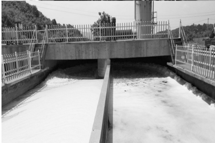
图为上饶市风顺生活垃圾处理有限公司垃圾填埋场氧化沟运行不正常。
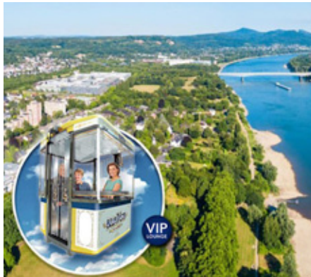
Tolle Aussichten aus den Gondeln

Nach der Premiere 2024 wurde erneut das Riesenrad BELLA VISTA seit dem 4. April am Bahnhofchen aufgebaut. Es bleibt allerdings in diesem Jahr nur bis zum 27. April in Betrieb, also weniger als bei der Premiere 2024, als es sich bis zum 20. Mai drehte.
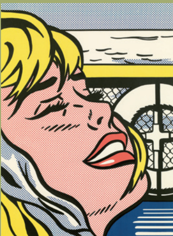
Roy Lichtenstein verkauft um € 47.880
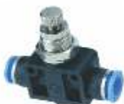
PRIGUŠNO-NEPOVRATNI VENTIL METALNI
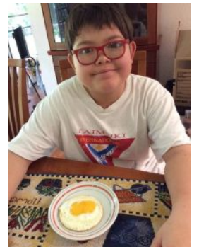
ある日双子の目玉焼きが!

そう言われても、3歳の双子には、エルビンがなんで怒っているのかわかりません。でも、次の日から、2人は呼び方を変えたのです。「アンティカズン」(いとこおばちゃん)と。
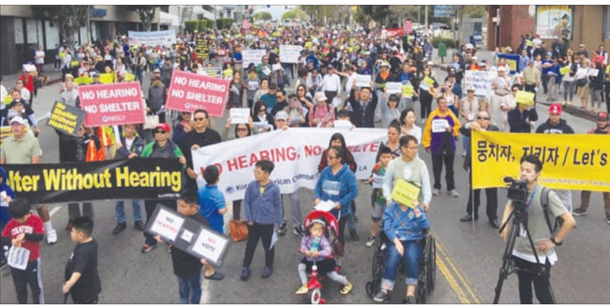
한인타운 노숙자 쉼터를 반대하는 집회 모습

• • • •

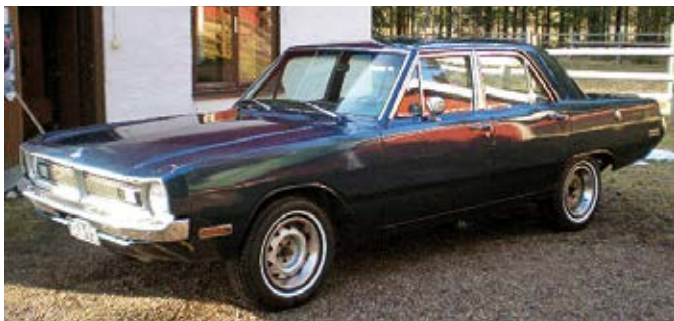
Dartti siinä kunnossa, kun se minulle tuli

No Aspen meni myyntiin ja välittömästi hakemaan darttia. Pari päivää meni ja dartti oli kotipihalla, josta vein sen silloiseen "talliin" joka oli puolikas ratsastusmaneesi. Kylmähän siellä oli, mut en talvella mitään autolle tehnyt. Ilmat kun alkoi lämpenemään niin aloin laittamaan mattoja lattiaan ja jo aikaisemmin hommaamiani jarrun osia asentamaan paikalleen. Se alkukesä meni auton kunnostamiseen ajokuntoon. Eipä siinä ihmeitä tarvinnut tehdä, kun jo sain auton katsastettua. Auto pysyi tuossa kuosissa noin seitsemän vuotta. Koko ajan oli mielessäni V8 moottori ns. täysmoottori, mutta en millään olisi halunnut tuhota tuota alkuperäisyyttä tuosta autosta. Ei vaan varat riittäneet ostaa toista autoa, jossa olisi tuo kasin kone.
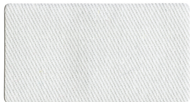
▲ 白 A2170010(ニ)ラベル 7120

• • • •

What you are asked to do :: Look above for the line with "Nach der Premiere" and the line with "한인타운 노숙자 쉼터를 반대하는 집회 모습". Give again exactly those two lines and all lines between them, pictures excluded.

Task result ::
Nach der Premiere 2024 wurde erneut das Riesenrad BELLA VISTA seit dem 4. April am Bahnhofchen aufgebaut. Es bleibt allerdings in diesem Jahr nur bis zum 27. April in Betrieb, also weniger als bei der Premiere 2024, als es sich bis zum 20. Mai drehte.
Roy Lichtenstein verkauft um € 47.880
PRIGUŠNO-NEPOVRATNI VENTIL METALNI
ある日双子の目玉焼きが!

そう言われても、3歳の双子には、エルビンがなんで怒っているのかわかりません。でも、次の日から、2人は呼び方を変えたのです。「アンティカズン」(いとこおばちゃん)と。
한인타운 노숙자 쉼터를 반대하는 집회 모습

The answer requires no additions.